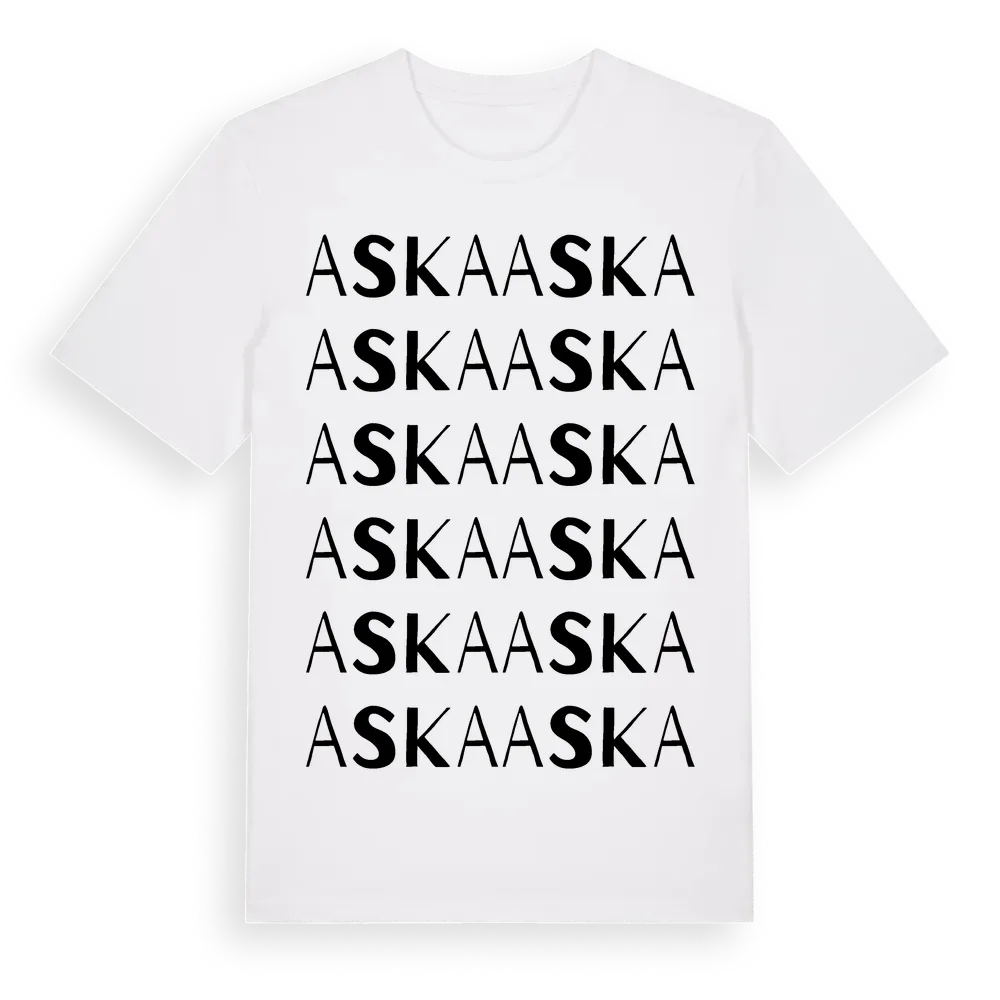 Aska ordlek t-shirt är inspirerad av byn Aska i Östergötlands län, Sverige. Tröjan är designad för dig som har en speciell koppling till platsen – oavsett om du bor här, har rötterna här eller bara älskar Aska.
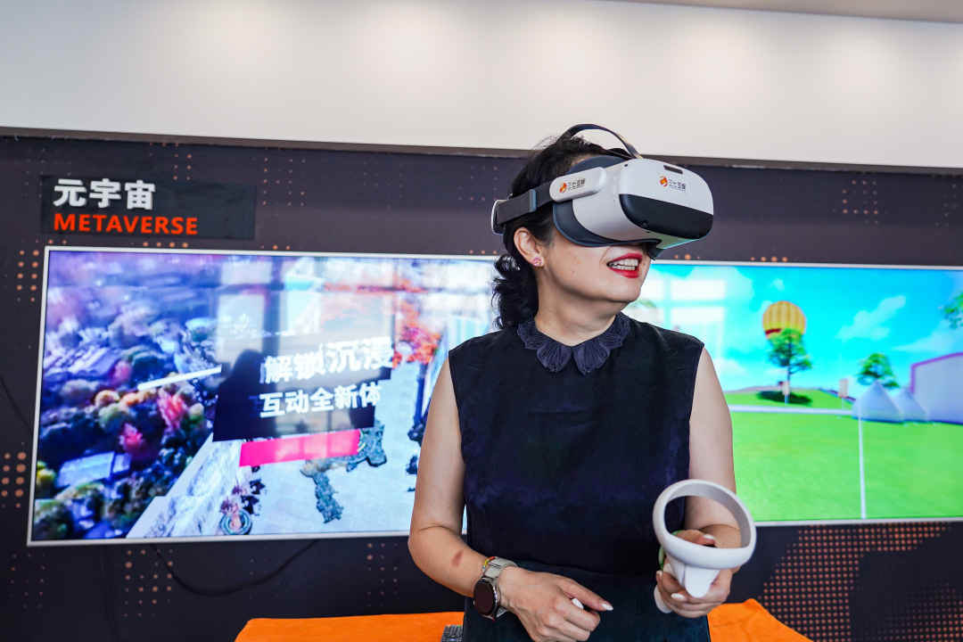 调研团成员感受元宇宙技术制作的非遗文化科普小游戏
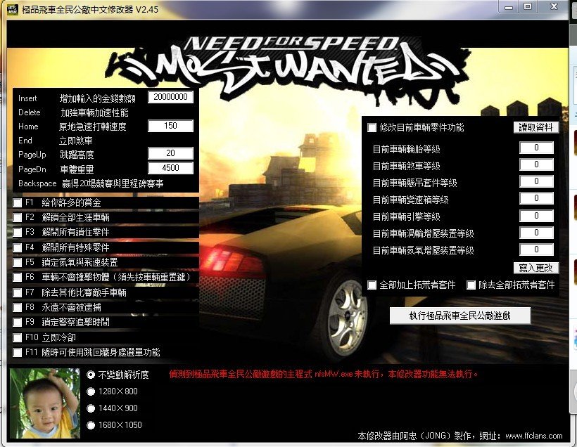 极品飞车9修改器,不要上面带有小孩的,有的话可以发1027336591@qq.com,小弟谢谢大家了,不要这种的↓ 点击展开 匿名用户 2012-07-12 19:14 满意回答 就这种的好用,你还要什么样的啊 匿名用户 2012-07-12 19:16 宝宝知道提示您:回答为网友贡献,仅供参考。 为您推荐: 其他回答 是南京外国语学校2010届高三(6)班 匿名用户 2012-07-12 19:57 相关问题 急求:极品飞车9修改器,就是有小孩照片的那个,那位大哥大姐给发一个,谢谢咯 447641533@QQ com 极品飞车9修改器怎么用啊!全是英文看不懂,谁解释一下啊! 极品飞车9V1 6修改器怎么用 打开是个小孩那个
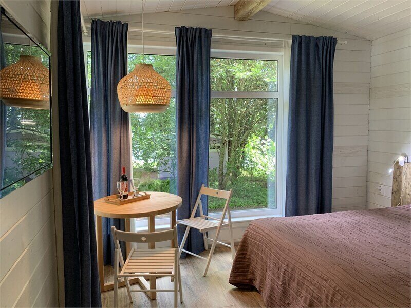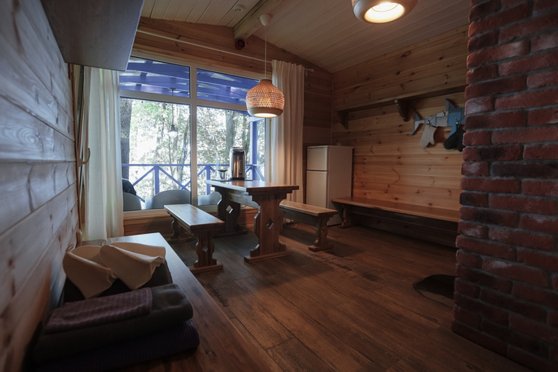Коттедж оборудован всем необходимым для комфортного размещения двух человек или семейной пары с ребёнком до 8 лет. Комфортная температура в доме поддерживается за счет пола с электроподогревом. Коттеджи имеют отдельно стоящую беседку с уличной мебелью. Возле каждого домика оборудована площадка с мангалом.
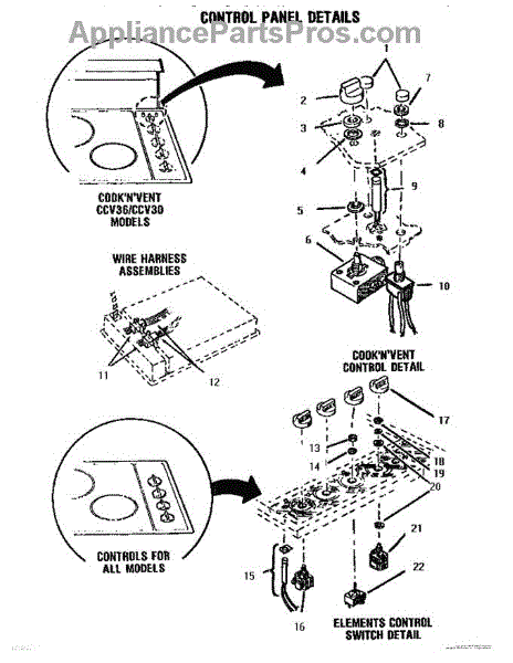 Parts for Thermador CCV36: 02 - Control Panel Parts
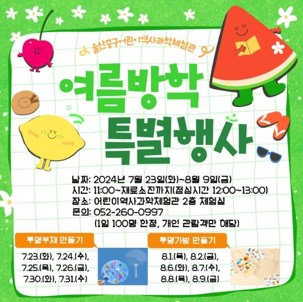 한편, 2024 여름방학 특별행사 외에도 주말 프로그램으로 7월 한 달 동안 수박 가방 및 썬캡 만들기, 8월 한 달 동안 광복절 기념 태극기 만들기 체험이 운영된다.
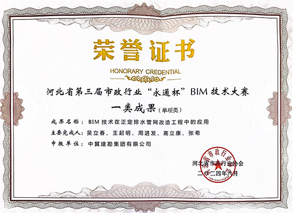 近日,河北省市政行業(yè)協(xié)會發(fā)文《關(guān)于公布河北省第三屆市政行業(yè)“永通杯”BIM技術(shù)大賽結(jié)果的通知》(冀市協(xié)〔2024〕21號),我公司參賽項目“BIM 技術(shù)在正定排水管網(wǎng)改造工程中的應用”項目榮獲一類成果。
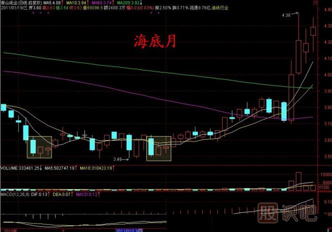 二、海底月:它的具體要求是第一天收中陰線或者大陰線,第二、第三天收上升形態(tài)的小陽或十字星,并且三天中有成交量放大趨勢的跡象。大陰線好比是一只大船沉入海底,但在底部受到強大的支撐,并有超過其下跌的能量維持它的上升,因此假如說均線系統(tǒng)是往上的,中線指標看好,沒有理由認為該大陰線是行情的中止,應該考慮這是主力刻意打壓造成的,因此出現這種情況可以認為是新一輪行情的旭日東升。大陰轉小連陽。
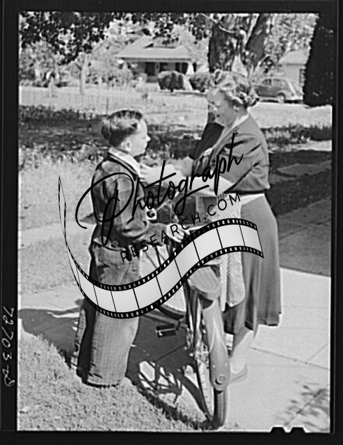 Title: Turlock, California. Housewife sending her son off to school
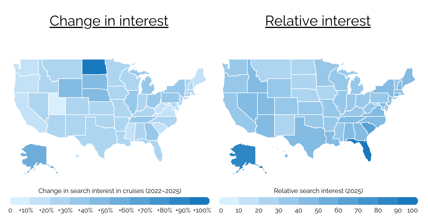 - Interior states are seeing a surge in cruise interest. While coastal states lead overall search interest in cruises, rural interior states like the Dakotas, Wyoming, and Nebraska are seeing the fastest growth.
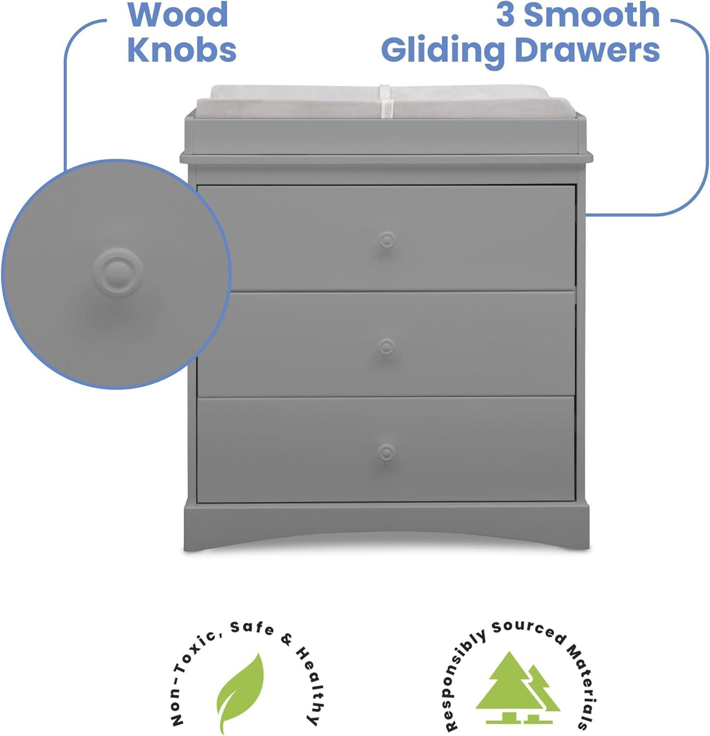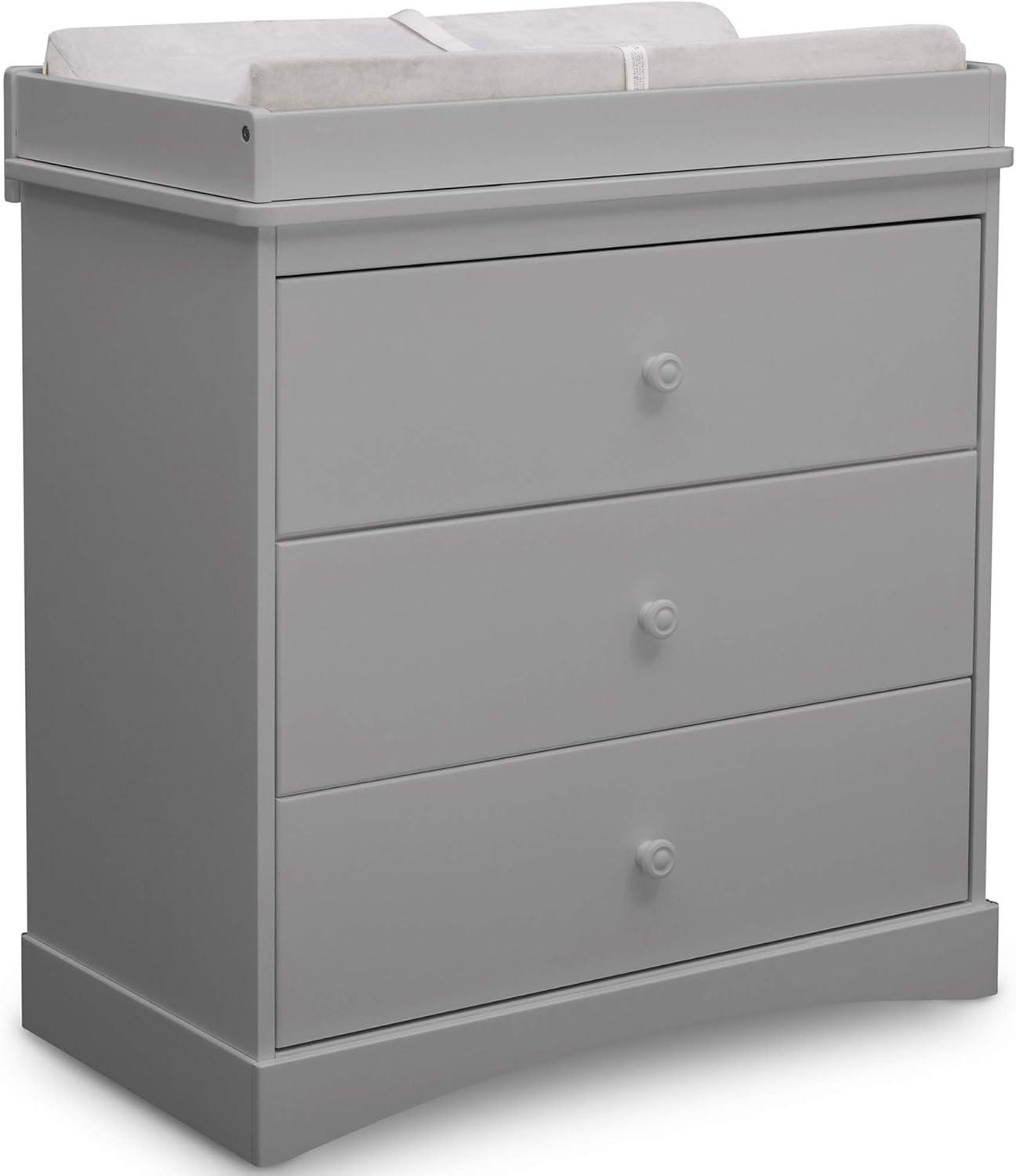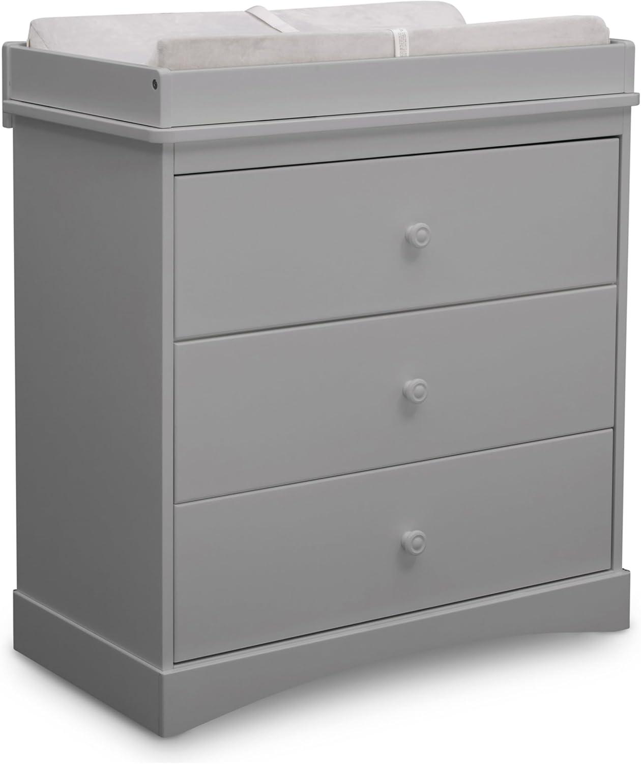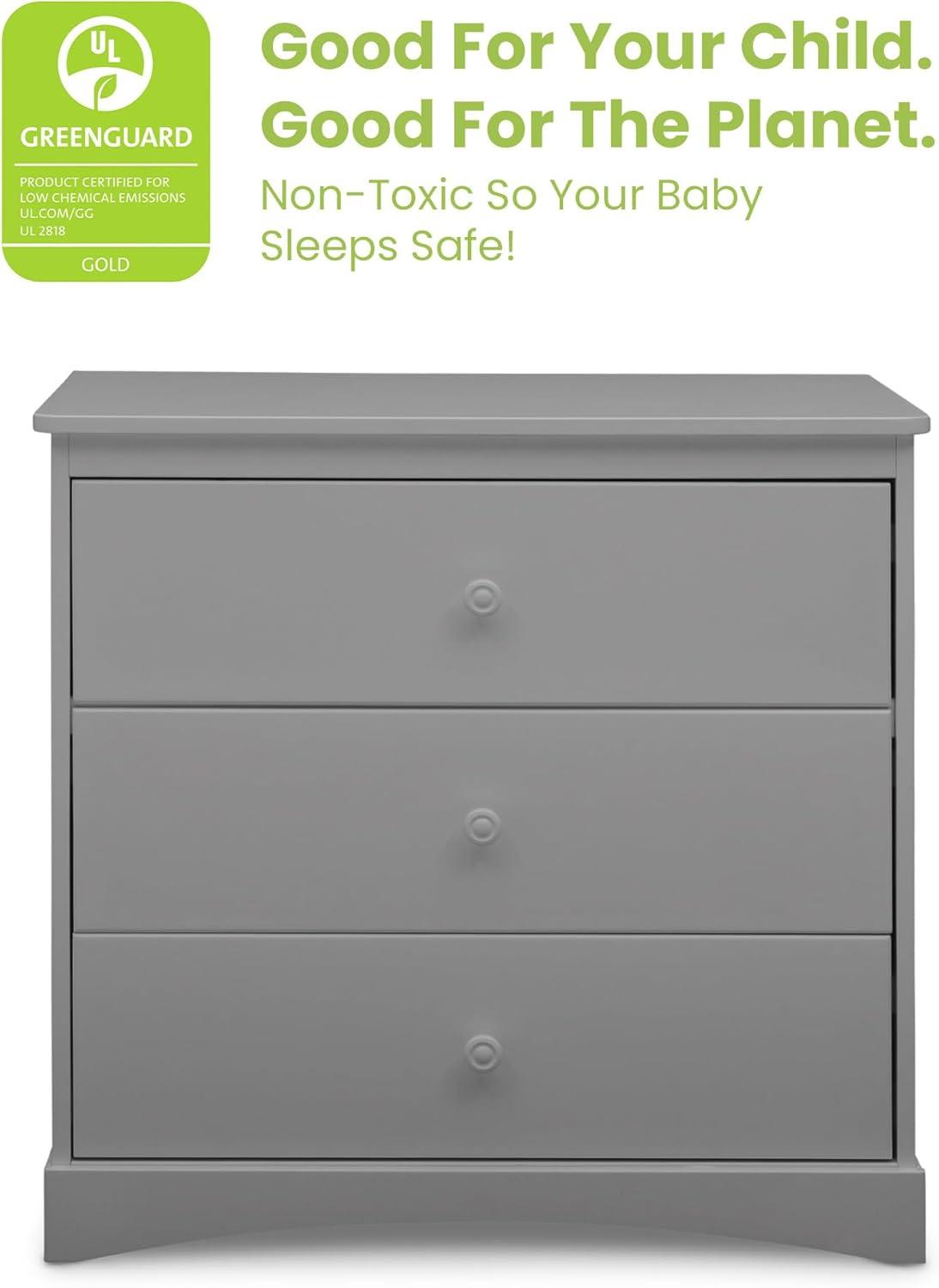Delta Children Sutton 3 Drawer Dresser with Changing Top and Interlocking Drawers - Greenguard Gold Certified, Bianca White(Grey)
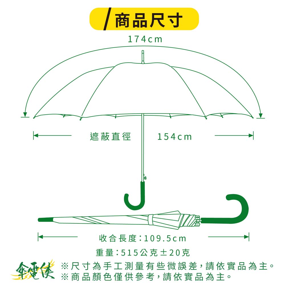 https://s-cf-tw.shopeesz.com/file/tw-11134208-23010-nz0oxre2kdmvd7☂️【商品特色】⚡️本賣場皆為現貨,無需長期等待⚡️ 防潑水PONGEE布隔絕紫外線效果達95.5%傘下隔熱降溫8度傘布經過全國公證檢驗和紡織研究所品質有保證⚡️傘面超大遮蔽直徑154公分⚡️適合家庭或愛打高爾夫球的您⚡️全玻纖骨架,耐風有彈性不易斷⚡️環形握槽,收傘好抓握⚡️輕量化玻纖中棒,耐風耐鏽好推收⚡️A JUMP泡棉直立握把,按壓輕鬆好握☂️【詳細規格】⚡傘骨:85X8AJ 全FRP玻纖骨⚡傘布:95.5%抗紫外線 PONGEE 防潑水布⚡重量:515±20克⚡收合長度:109.5cm⚡展開直徑:154cm☂️【運送資訊】服務營業時間為週一至週五 9:00~12:00 13:00~17:00每週六及週日暫停出貨☂️【終身維修】傘電俠的商品均享有終身維修的服務,但因需更換的零件不同,我們會請專業維修人員一雨傘的實際狀況評估是否需要酌收更換零件的材料費用,我們會與您報價後,您再決定是否要維修。☂️【注意事項(退換貨/FAQ)】1.使用前請先閱讀說明書上使用方法2.若您收到的商品有瑕疵、破損、零件短缺的狀況,請您於收到貨品後15天內提出~(請保持商品在全新的狀態且包裝完整)我們都是可以免費退貨的,如需退貨“請不要按”完成訂單和評價!按退貨選項就可以退貨了喔,我們會馬上幫您處理3.雨天使用後,請務必將傘撐開放置於陰涼處陰乾,延長傘的使用壽命4.溫馨提醒尺寸皆為手工測量,會有些許範圍差距顏色因每個螢幕顯示不同會有些許色差,若您會介意的話,建議下單前請三思#傘電俠 #手開直傘 #超輕量 #抗UV傘 #高爾夫球傘
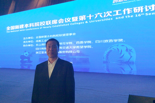 10月29日-30日,校长王建国应邀出席在成都举行的全国新建本科院校联席会议暨第十六次工作研讨会。来自全国29个省、市、自治区220余所新建本科院校的630余名代表和12家媒体代表出席了此次研讨会。此次论坛以“创新发展、协同育人、质量保障”为主题,通过主题报告、专题报告、高端对话等形式全方位多层面探讨了中国新建本科院校的发展之路。参会高校共同倡议,一致达成“成都共识”,各高校郑重承诺“愿意成为转型发展的主角,愿意成为新建本科院校向应用型转变系列改革的积极倡导者、主动践行者和责任担当者,在不同地区、不同领域探索适合自身发展的转型之路,用行动抒写转型发展新篇章”。

- - - - -

= Exercise prompt =
Transcribe, word for word, the lines of the listing above from the one that contains "- Interior states" through the one that contains "#超輕量 #抗UV傘 #高爾夫球傘", keeping both ends and dropping the pictures.

= Output of the task =
 - Interior states are seeing a surge in cruise interest. While coastal states lead overall search interest in cruises, rural interior states like the Dakotas, Wyoming, and Nebraska are seeing the fastest growth.
Delta Children Sutton 3 Drawer Dresser with Changing Top and Interlocking Drawers - Greenguard Gold Certified, Bianca White(Grey)
 https://s-cf-tw.shopeesz.com/file/tw-11134208-23010-nz0oxre2kdmvd7☂️【商品特色】⚡️本賣場皆為現貨,無需長期等待⚡️ 防潑水PONGEE布隔絕紫外線效果達95.5%傘下隔熱降溫8度傘布經過全國公證檢驗和紡織研究所品質有保證⚡️傘面超大遮蔽直徑154公分⚡️適合家庭或愛打高爾夫球的您⚡️全玻纖骨架,耐風有彈性不易斷⚡️環形握槽,收傘好抓握⚡️輕量化玻纖中棒,耐風耐鏽好推收⚡️A JUMP泡棉直立握把,按壓輕鬆好握☂️【詳細規格】⚡傘骨:85X8AJ 全FRP玻纖骨⚡傘布:95.5%抗紫外線 PONGEE 防潑水布⚡重量:515±20克⚡收合長度:109.5cm⚡展開直徑:154cm☂️【運送資訊】服務營業時間為週一至週五 9:00~12:00 13:00~17:00每週六及週日暫停出貨☂️【終身維修】傘電俠的商品均享有終身維修的服務,但因需更換的零件不同,我們會請專業維修人員一雨傘的實際狀況評估是否需要酌收更換零件的材料費用,我們會與您報價後,您再決定是否要維修。☂️【注意事項(退換貨/FAQ)】1.使用前請先閱讀說明書上使用方法2.若您收到的商品有瑕疵、破損、零件短缺的狀況,請您於收到貨品後15天內提出~(請保持商品在全新的狀態且包裝完整)我們都是可以免費退貨的,如需退貨“請不要按”完成訂單和評價!按退貨選項就可以退貨了喔,我們會馬上幫您處理3.雨天使用後,請務必將傘撐開放置於陰涼處陰乾,延長傘的使用壽命4.溫馨提醒尺寸皆為手工測量,會有些許範圍差距顏色因每個螢幕顯示不同會有些許色差,若您會介意的話,建議下單前請三思#傘電俠 #手開直傘 #超輕量 #抗UV傘 #高爾夫球傘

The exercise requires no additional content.